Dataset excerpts
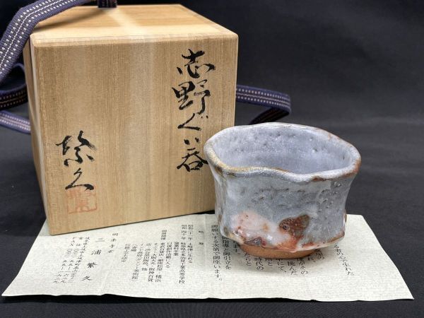 > 【K455】三浦繁久 志野 ぐい呑 共箱 共布 栞 本物保証 焼物 高級酒器 木箱 在銘 落款 b
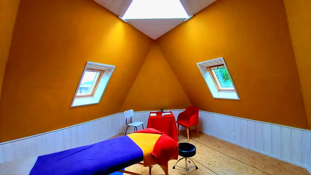 A session of plantar reflexology: from the celestial vault to the earth plane vault. Artist and Wellness Coach, Geoffrey offers sessions of Plantar Reflexology with a psycho-emotional approach, in his self-built office in sacred geometry in Questembert.
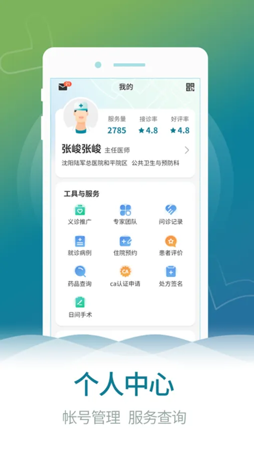 打造权威专、安全、专业的医疗和健康管理服务平台。在这里您可以寻找医院的知名医生进行在线问诊、团队问诊,以及专属健康档案管理,享受到专业的健康评估和健康指导等。
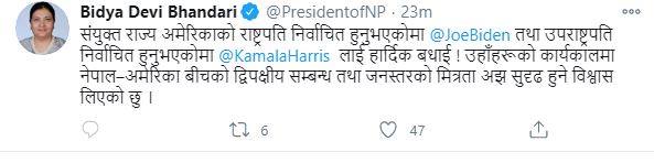“संयुक्त राज्य अमेरिकाको राष्ट्रपति निर्वाचित हुनुभएकोमा जो बाइडेन तथा उपराष्ट्रपति निर्वाचित हुनुभएकोमा कमला हयारिसलाई हार्दिक बधाई,” राष्ट्रपति भण्डारीले आज ट्वीटर मार्फत भनेकी छन्।
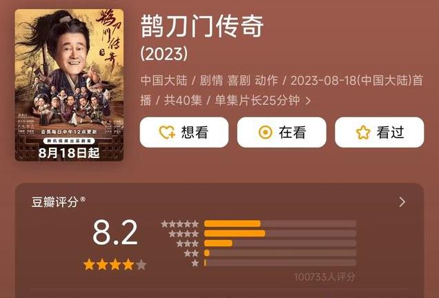 古装武侠喜剧已经有很长一段时间没有出现过像样的作品了。不知道大家是否还记得2023年8月推出的一部古装武侠喜剧《鹊刀门传奇》,其以幽默搞笑的风格和流畅的武打场面赢得了众多观众的喜爱,到目前为止,豆瓣上的评分仍然高达8.2。然而,在这一年多的时间里,似乎没有一部古装武侠喜剧能达到《鹊刀门传奇》的口碑。

WHAT YOU HAVE TO DO
Take the line containing "A session of" as the first and the last line of the records as the end. Print every line in that span exactly, leaving out pictures.

WRITTEN RESPONSE
 A session of plantar reflexology: from the celestial vault to the earth plane vault. Artist and Wellness Coach, Geoffrey offers sessions of Plantar Reflexology with a psycho-emotional approach, in his self-built office in sacred geometry in Questembert.
 打造权威专、安全、专业的医疗和健康管理服务平台。在这里您可以寻找医院的知名医生进行在线问诊、团队问诊,以及专属健康档案管理,享受到专业的健康评估和健康指导等。
“संयुक्त राज्य अमेरिकाको राष्ट्रपति निर्वाचित हुनुभएकोमा जो बाइडेन तथा उपराष्ट्रपति निर्वाचित हुनुभएकोमा कमला हयारिसलाई हार्दिक बधाई,” राष्ट्रपति भण्डारीले आज ट्वीटर मार्फत भनेकी छन्।
 古装武侠喜剧已经有很长一段时间没有出现过像样的作品了。不知道大家是否还记得2023年8月推出的一部古装武侠喜剧《鹊刀门传奇》,其以幽默搞笑的风格和流畅的武打场面赢得了众多观众的喜爱,到目前为止,豆瓣上的评分仍然高达8.2。然而,在这一年多的时间里,似乎没有一部古装武侠喜剧能达到《鹊刀门传奇》的口碑。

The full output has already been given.